W rejonie Pokrowska w obwodzie donieckim toczą się intensywne walki, a rosyjskie siły dążą do zdobycia strategicznego miasta za wszelką cenę. Według raportu amerykańskiego Instytutu Studiów nad Wojną, Rosjanie prawdopodobnie zamierzają przerwać ukraińskie linie komunikacyjne, zmuszając wojska do wycofania się w najbliższych miesiącach.
Rosyjskie dowództwo wojskowe unika bezpośrednich ataków na zurbanizowane obszary,koncentrując się na blokowaniu miast. Taka strategia ma zwiększyć szanse na wycofanie się ukraińskiej armii bez angażowania się w kosztowne walki miejskie. Ukraiński ekspert wojskowy iwan Stupak podkreśla, że Rosjanie zmieniają taktykę, tworząc „kotły” zamiast prowadzenia walk ulicznych.
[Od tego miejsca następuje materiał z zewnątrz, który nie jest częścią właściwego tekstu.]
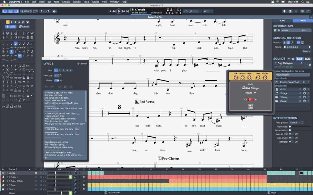 What can I do with Guitar Pro? Guitar Pro is a sheet music/tablature editor for 4- to 8-string instruments: - guitar, bass, banjo, ukulele, etc. This is an ergonomic, comprehensive tool for beginning to advanced musicians who wish to make progress, compose, or simply play along on their guitar. Guitar Pro is now the standard reference in the world of tab-editing software. Guitar Pro is the most popular guitar tablature editor on the market. Vanity riddim download. Import GTP, GP3, GP4, GP5, GPX, MIDI, MusicXML, and ASCII files. Export notation as PDF or PNG graphic formats or GP, GPX, GP5, MIDI, MusicXML, and ASCII files. Export audio as MP3, OGG, FLAC, AIFF, and WAV. How to use remote mouse. Files can be password-protected to prevent opening or modification.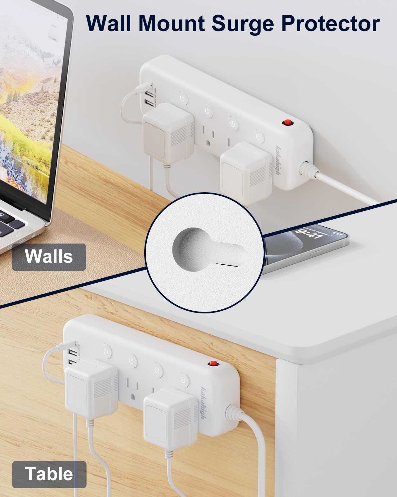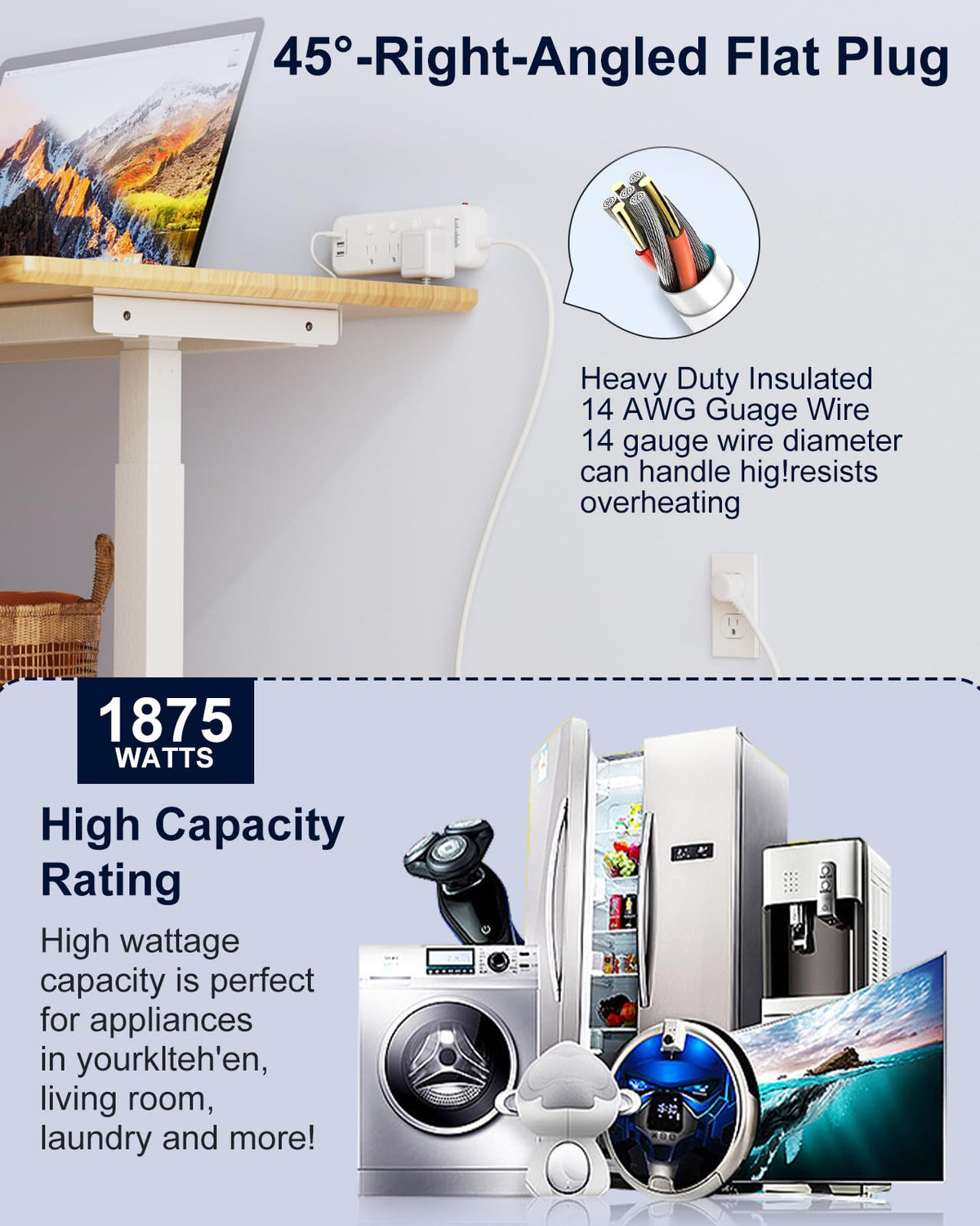 Appliance Extension Cord With Individual Switches On Off 5 Ft, 14 Gauge Heavy Duty Extension Cord With Usb Ports, 8 Outlets, H

Postępy rosyjskiej ofensywy zostały spowolnione z powodu problemów logistycznych, wyczerpania zasobów oraz ukraińskiej operacji w obwodzie kurskim. Dodatkowo trudne warunki pogodowe i teren bagienny stanowią wyzwanie dla rosyjskich sił.
Sytuacja w pokrowsku jest krytyczna.Miasto jest nieustannie ostrzeliwane, pozbawionym podstawowych usług, takich jak prąd, gaz i woda. Rosyjskie wojska znajdują się zaledwie trzy kilometry od miasta, używając bomb kierowanych, artylerii i dronów. Pozostało około 7200 mieszkańców, a ewakuacja odbywa się bezpośrednio z domów.
Ekspert ostrzega również, że zagrożenie dla obwodu dniepropietrowskiego pozostaje wysokie, mimo braku oficjalnych deklaracji ze strony Rosji. Rosjanie bowiem wybierają tereny i trasy, które dają im największe szanse na sukces.